§ THE DATA

········

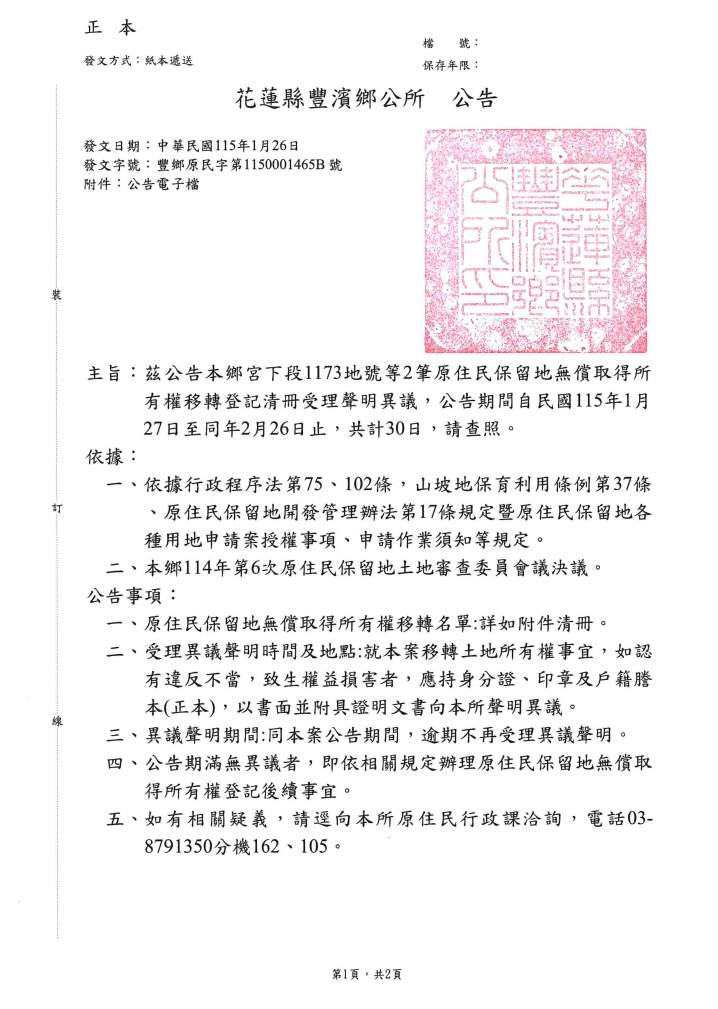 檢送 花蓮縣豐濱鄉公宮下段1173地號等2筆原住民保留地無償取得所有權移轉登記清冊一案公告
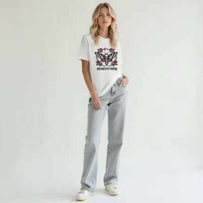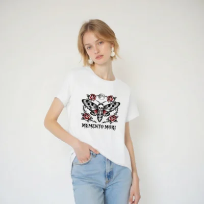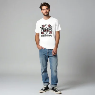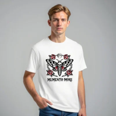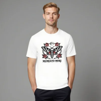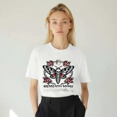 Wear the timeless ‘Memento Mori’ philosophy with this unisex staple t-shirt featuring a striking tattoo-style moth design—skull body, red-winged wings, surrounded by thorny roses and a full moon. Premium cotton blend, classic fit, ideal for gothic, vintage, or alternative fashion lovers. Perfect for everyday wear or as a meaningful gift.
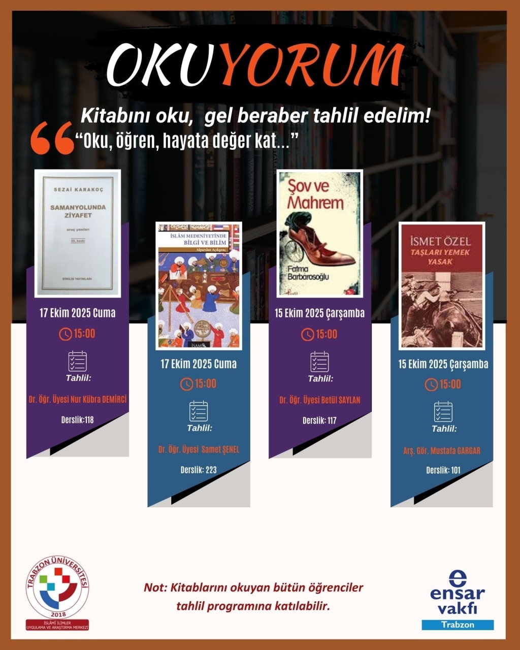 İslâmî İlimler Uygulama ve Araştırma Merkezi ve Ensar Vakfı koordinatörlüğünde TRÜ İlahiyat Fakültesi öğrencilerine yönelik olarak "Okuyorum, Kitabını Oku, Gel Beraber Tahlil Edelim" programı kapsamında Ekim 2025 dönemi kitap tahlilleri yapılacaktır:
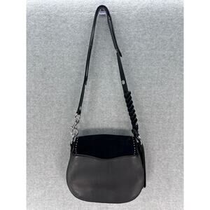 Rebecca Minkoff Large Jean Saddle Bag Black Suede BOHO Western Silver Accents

········

§ THE TASK
Look at the listing and set down only the lines from its start through the line with "Wear the timeless", word for word and without pictures.

§ SOLUTION FOR THIS EXERCISE
 檢送 花蓮縣豐濱鄉公宮下段1173地號等2筆原住民保留地無償取得所有權移轉登記清冊一案公告
 Wear the timeless ‘Memento Mori’ philosophy with this unisex staple t-shirt featuring a striking tattoo-style moth design—skull body, red-winged wings, surrounded by thorny roses and a full moon. Premium cotton blend, classic fit, ideal for gothic, vintage, or alternative fashion lovers. Perfect for everyday wear or as a meaningful gift.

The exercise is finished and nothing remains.